• _Problem to solve_:
Dropping every picture, set down exactly the lines in the entries below, starting with the line with "Online-Bestellungen auf www.vedia.ch." and going on through the line with "中国驻意大使馆领侨处主任牟俊".

• _Supplied information_:
-----
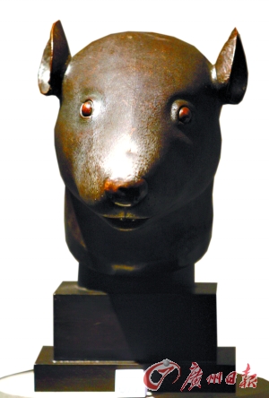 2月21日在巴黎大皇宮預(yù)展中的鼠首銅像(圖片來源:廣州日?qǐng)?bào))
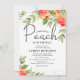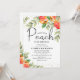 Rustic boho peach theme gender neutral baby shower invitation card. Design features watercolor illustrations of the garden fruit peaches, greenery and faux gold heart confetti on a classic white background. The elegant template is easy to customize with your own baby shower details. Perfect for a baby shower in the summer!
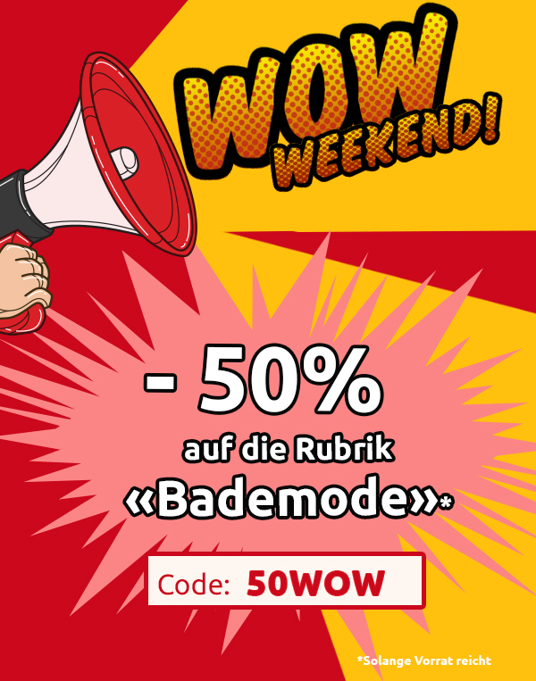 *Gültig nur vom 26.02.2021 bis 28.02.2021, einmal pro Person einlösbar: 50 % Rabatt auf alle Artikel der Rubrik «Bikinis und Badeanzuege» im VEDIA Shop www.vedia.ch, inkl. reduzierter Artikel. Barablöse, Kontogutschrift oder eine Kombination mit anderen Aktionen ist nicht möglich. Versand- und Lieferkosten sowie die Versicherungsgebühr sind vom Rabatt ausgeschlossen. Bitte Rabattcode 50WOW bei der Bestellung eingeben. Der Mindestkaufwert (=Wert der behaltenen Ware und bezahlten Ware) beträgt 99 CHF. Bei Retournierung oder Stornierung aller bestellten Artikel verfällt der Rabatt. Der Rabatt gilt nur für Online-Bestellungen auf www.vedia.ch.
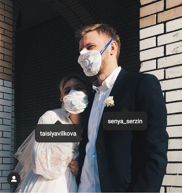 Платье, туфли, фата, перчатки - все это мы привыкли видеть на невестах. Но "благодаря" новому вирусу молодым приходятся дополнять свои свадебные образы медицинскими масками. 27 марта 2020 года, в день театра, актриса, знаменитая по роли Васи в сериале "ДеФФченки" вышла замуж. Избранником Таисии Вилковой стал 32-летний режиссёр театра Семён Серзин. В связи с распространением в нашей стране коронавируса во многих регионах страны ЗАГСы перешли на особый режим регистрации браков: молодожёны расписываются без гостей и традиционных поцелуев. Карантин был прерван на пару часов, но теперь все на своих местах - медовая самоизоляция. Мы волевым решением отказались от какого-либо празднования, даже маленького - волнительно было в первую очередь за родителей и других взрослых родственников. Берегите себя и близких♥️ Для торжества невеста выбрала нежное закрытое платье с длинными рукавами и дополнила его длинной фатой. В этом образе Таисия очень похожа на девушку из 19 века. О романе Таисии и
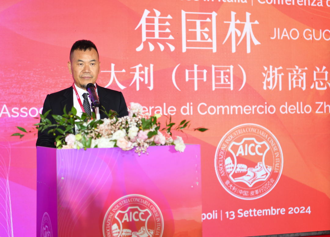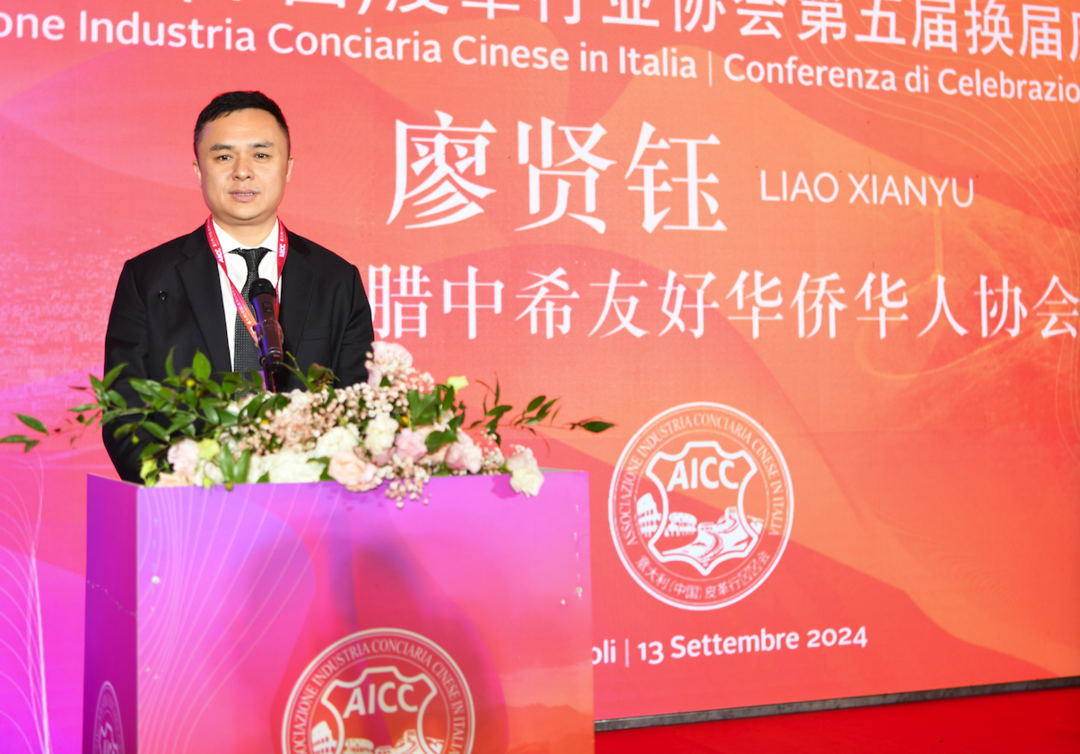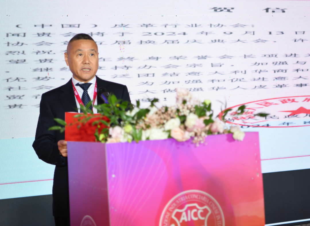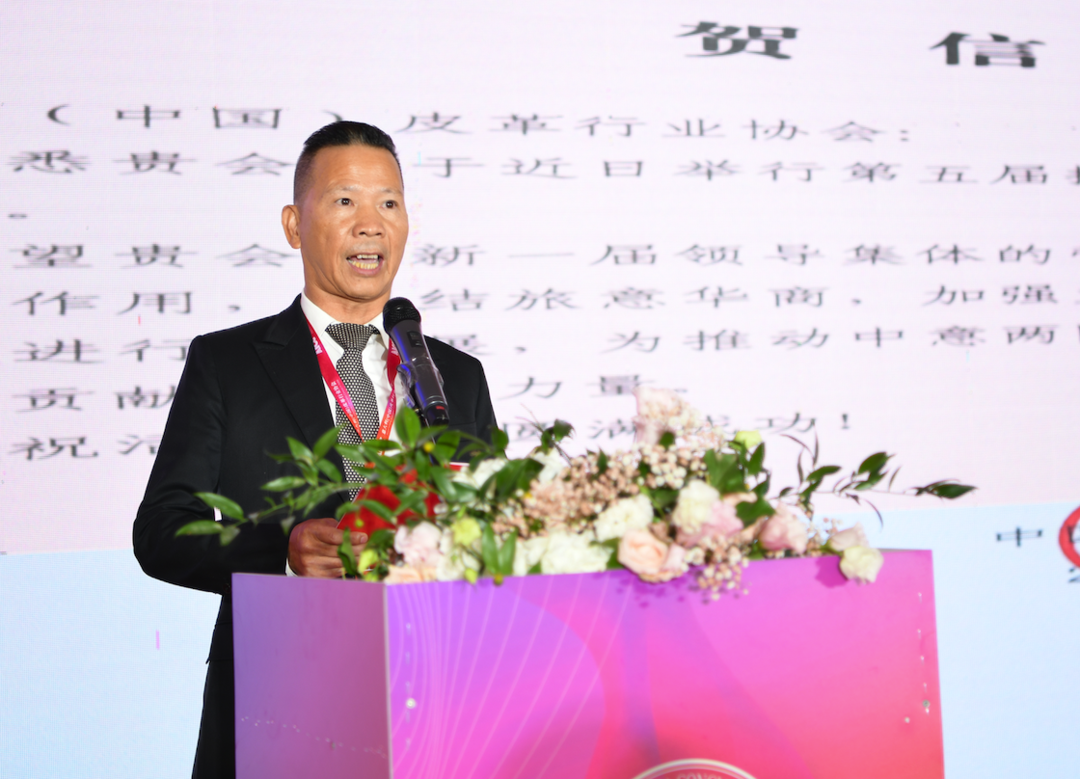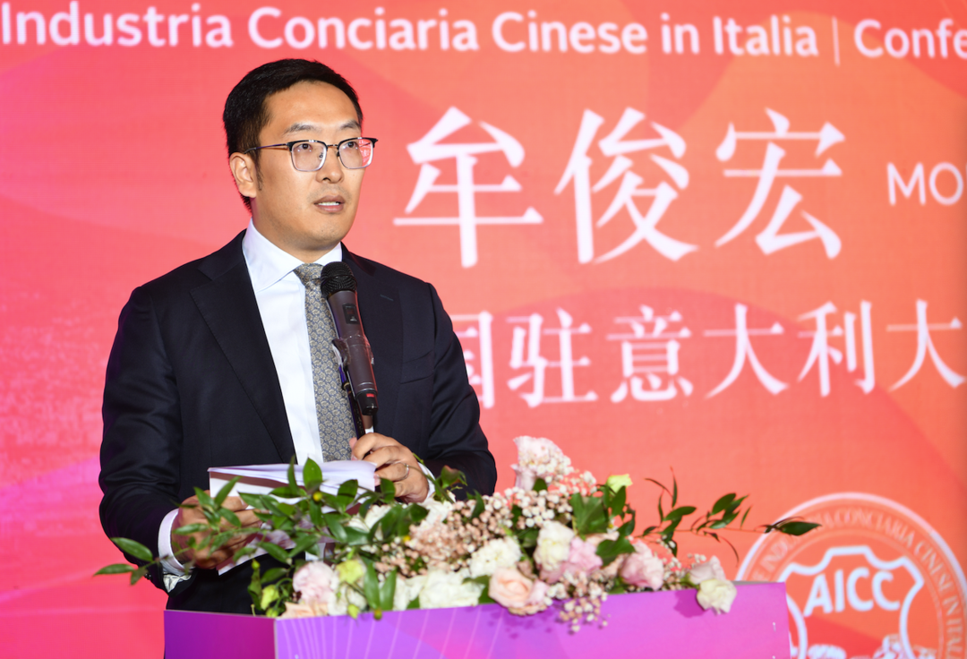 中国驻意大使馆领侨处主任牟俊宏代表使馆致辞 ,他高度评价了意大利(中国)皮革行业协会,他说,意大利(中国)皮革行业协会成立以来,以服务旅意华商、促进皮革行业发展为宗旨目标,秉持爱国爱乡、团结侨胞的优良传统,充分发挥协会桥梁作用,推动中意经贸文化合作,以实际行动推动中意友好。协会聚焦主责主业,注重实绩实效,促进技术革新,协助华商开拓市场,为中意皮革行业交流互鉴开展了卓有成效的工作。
-----
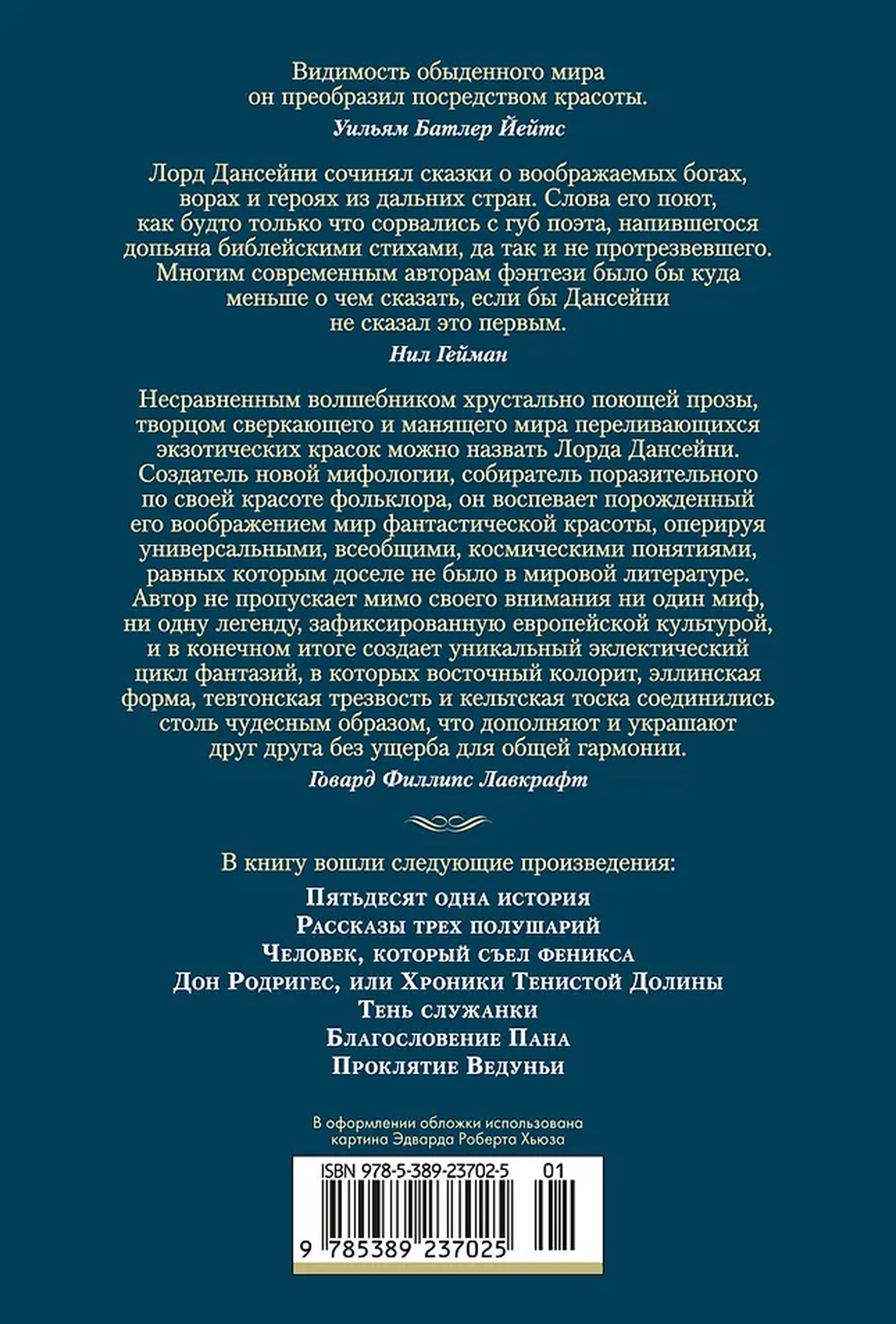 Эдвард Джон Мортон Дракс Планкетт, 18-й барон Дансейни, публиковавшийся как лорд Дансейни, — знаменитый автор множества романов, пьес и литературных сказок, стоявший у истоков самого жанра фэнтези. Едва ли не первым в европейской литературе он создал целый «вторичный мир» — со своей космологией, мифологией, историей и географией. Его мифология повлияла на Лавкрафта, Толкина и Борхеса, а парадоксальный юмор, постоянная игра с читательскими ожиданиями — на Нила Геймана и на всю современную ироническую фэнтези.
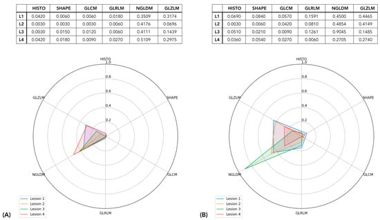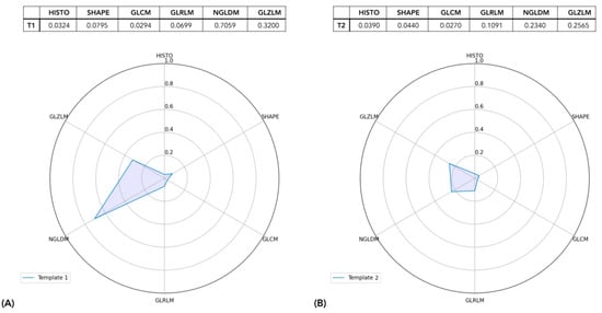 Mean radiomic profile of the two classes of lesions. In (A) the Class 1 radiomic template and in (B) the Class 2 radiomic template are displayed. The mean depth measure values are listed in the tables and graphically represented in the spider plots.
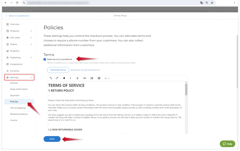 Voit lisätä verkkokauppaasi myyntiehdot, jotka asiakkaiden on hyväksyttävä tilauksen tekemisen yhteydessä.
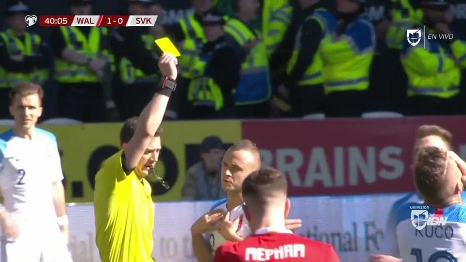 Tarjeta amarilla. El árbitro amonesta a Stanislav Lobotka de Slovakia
-----
• _Reply to the exercise_:
 *Gültig nur vom 26.02.2021 bis 28.02.2021, einmal pro Person einlösbar: 50 % Rabatt auf alle Artikel der Rubrik «Bikinis und Badeanzuege» im VEDIA Shop www.vedia.ch, inkl. reduzierter Artikel. Barablöse, Kontogutschrift oder eine Kombination mit anderen Aktionen ist nicht möglich. Versand- und Lieferkosten sowie die Versicherungsgebühr sind vom Rabatt ausgeschlossen. Bitte Rabattcode 50WOW bei der Bestellung eingeben. Der Mindestkaufwert (=Wert der behaltenen Ware und bezahlten Ware) beträgt 99 CHF. Bei Retournierung oder Stornierung aller bestellten Artikel verfällt der Rabatt. Der Rabatt gilt nur für Online-Bestellungen auf www.vedia.ch.
 Платье, туфли, фата, перчатки - все это мы привыкли видеть на невестах. Но "благодаря" новому вирусу молодым приходятся дополнять свои свадебные образы медицинскими масками. 27 марта 2020 года, в день театра, актриса, знаменитая по роли Васи в сериале "ДеФФченки" вышла замуж. Избранником Таисии Вилковой стал 32-летний режиссёр театра Семён Серзин. В связи с распространением в нашей стране коронавируса во многих регионах страны ЗАГСы перешли на особый режим регистрации браков: молодожёны расписываются без гостей и традиционных поцелуев. Карантин был прерван на пару часов, но теперь все на своих местах - медовая самоизоляция. Мы волевым решением отказались от какого-либо празднования, даже маленького - волнительно было в первую очередь за родителей и других взрослых родственников. Берегите себя и близких♥️ Для торжества невеста выбрала нежное закрытое платье с длинными рукавами и дополнила его длинной фатой. В этом образе Таисия очень похожа на девушку из 19 века. О романе Таисии и
 中国驻意大使馆领侨处主任牟俊宏代表使馆致辞 ,他高度评价了意大利(中国)皮革行业协会,他说,意大利(中国)皮革行业协会成立以来,以服务旅意华商、促进皮革行业发展为宗旨目标,秉持爱国爱乡、团结侨胞的优良传统,充分发挥协会桥梁作用,推动中意经贸文化合作,以实际行动推动中意友好。协会聚焦主责主业,注重实绩实效,促进技术革新,协助华商开拓市场,为中意皮革行业交流互鉴开展了卓有成效的工作。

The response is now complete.